MountainCar-v0 example

Back to TOC

Description of the task

Back to TOC

More info about this environment is available from its Github wiki: https://github.com/openai/gym/wiki/MountainCar-v0

State (observation) is an array of 2 floats.

  • The first float is the horizontal position of the cart ($x$) and $x \in [-1.2, 0.6]$. The position of the lowest point is roughly at -0.5. The initial position is chosen between -0.6 to 0.4 (inclusive).
  • The second float is the velocity (not sure whether it's horizontal or vertical) of the cart ($v$) and $v \in [-0.07, 0.07]$; any velocity above this is truncated to this range.
  • In a nutshell, the state space is a continuous 2D rectangular space.

Action is an integer.

  • 0: full throttle to the left
  • 1: zero throttle
  • 2: full throttle to the right

Reward is -1 per timestep (per action taken) until the terminal condition is reached ($x > 0.4$).

Train agent

Back to TOC

Here, we follow the design of the classes above to train an agent that follows the algorithm.
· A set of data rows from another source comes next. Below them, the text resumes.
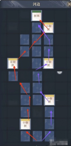 3、河边:小铜匣(紫)-小铜匣(紫)-小铜匣(紫)-树林-小铜匣(红)-花银匣(红)-树林
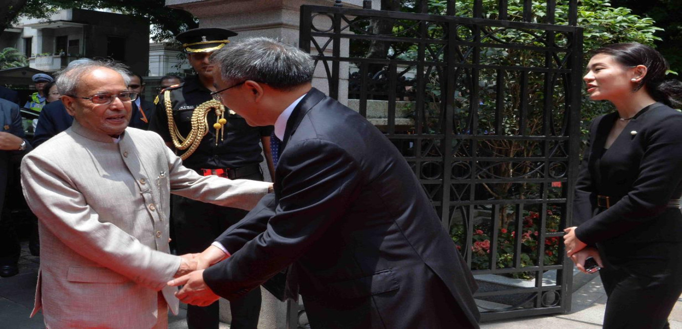 The Party Secretary of Guangdong, Mr. Hu Chunhua calling on the President of India, Shri Pranab Mukherjee at Guangdong Foreign Affairs Club, in Guangzhou, People s Republic of China on May 25, 2016.
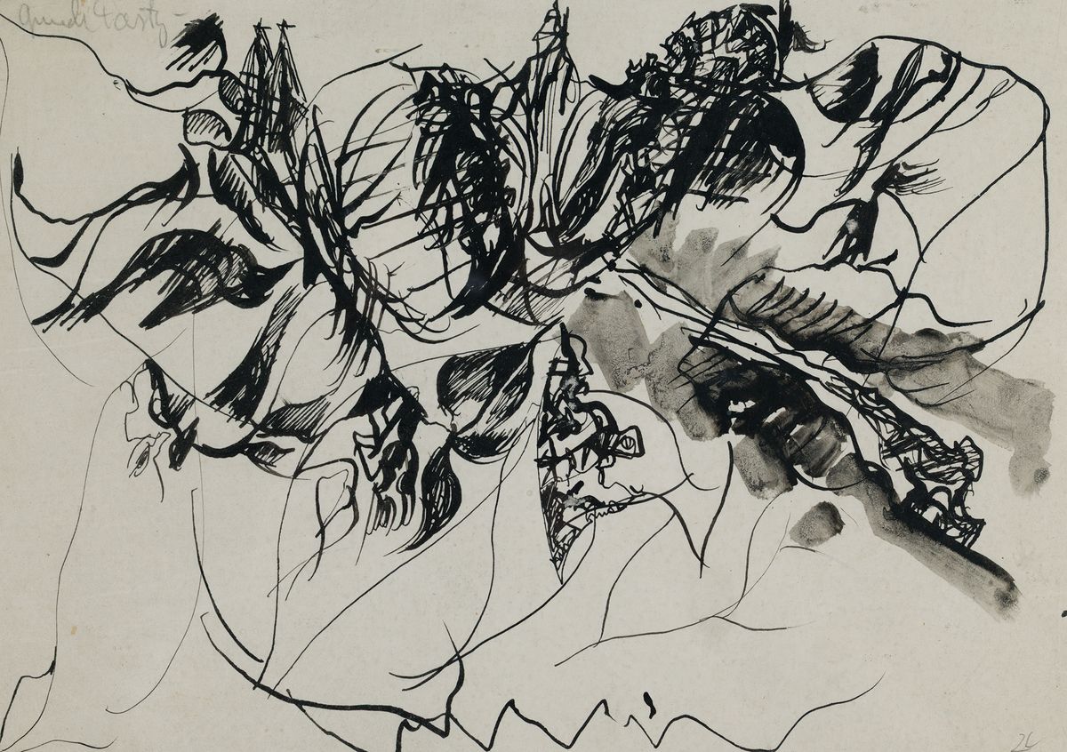 Tusz, piórko, lawowanie, papier; 21,5 x 30 cm (w świetle p-p)
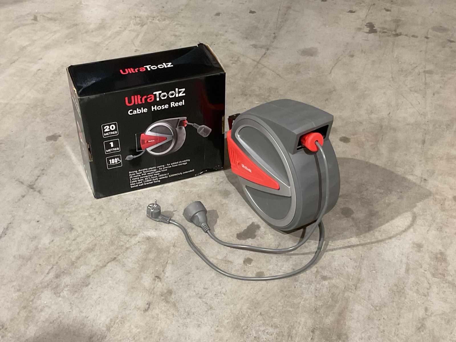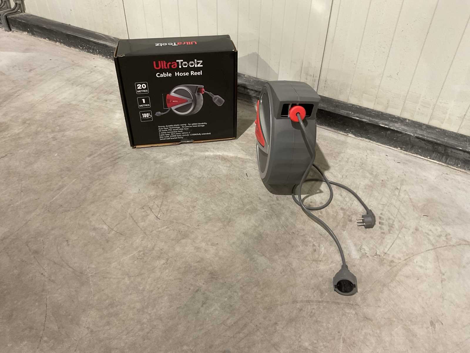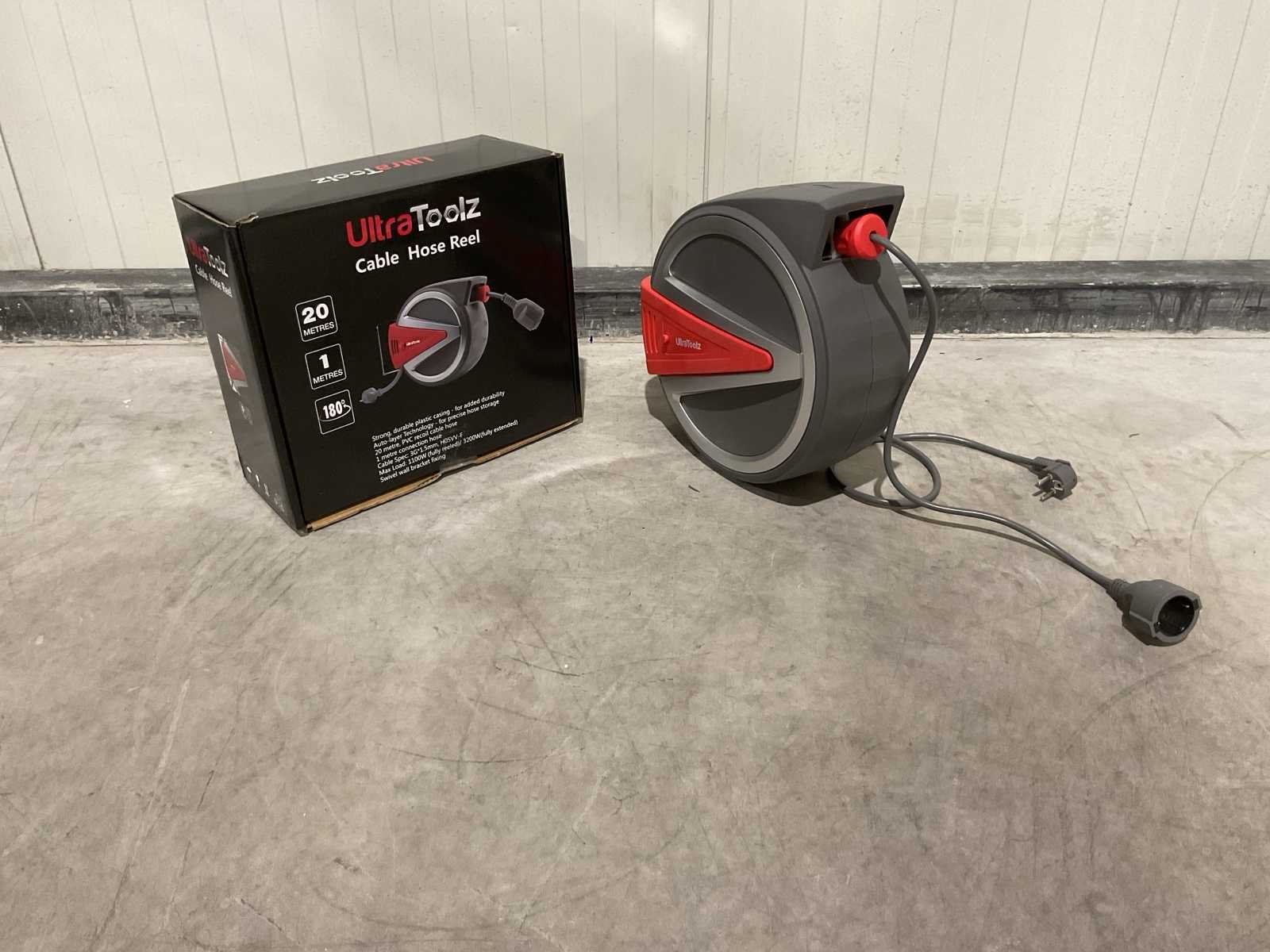 Voorzien van Voltage 230 V 12A; Kabellengte op haspel 20m; Muurbevestiging; 180° draaibaar; Lengte aansluitkabel 1 meter; Maximale stroombelasting van de kabel 1100W (opgerold), 3200W (uitgerold); Dikte kabel 3G 2.5 mm2; IP klasse IP44; Bruto gewicht 9km; verpakkingsafmeting: 14kg 395x345x335mm; Ongebruikt in doos Merk: Ultratoolz Type: 20m Bouwjaar: 2025 Aansluiting: 220V Male-male: true Male-female: true Op haspel: true Lengte: 20m

The arrows in the diagram below can be interpreted as "depends on". For example, the LinearApproximator class depends on the Tile2DFeatureConstructor class to preprocess raw state vectors. The white rectangles are classes, the yellow ones are constants, and the red rectangle is me.

In [8]:
# vrepr stands for value representation
vrepr = LinearApproximator(
    num_actions=3,
    lr=0.5/8, 
    fc=Tile2DFeatureConstructor(
        x_min=-1.2, x_max=0.5, y_min=-0.07, y_max=0.07, 
        num_tiles_per_dim=8, num_tilings=8, 
        seed=42
    ), 
)
policy = EpsilonGreedyPolicy(vrepr, epsilon=0, actions=[0, 1, 2])
env = gym.make('MountainCar-v0')
td_controller = TDController(env=env, policy=policy, vrepr=vrepr, discount_factor=1)

Since training takes some time, I have saved the training history and resulting weights in the next section. You can uncomment the code cell below to re-train the agent.

In [9]:
# episode_lengths = td_controller.run(500)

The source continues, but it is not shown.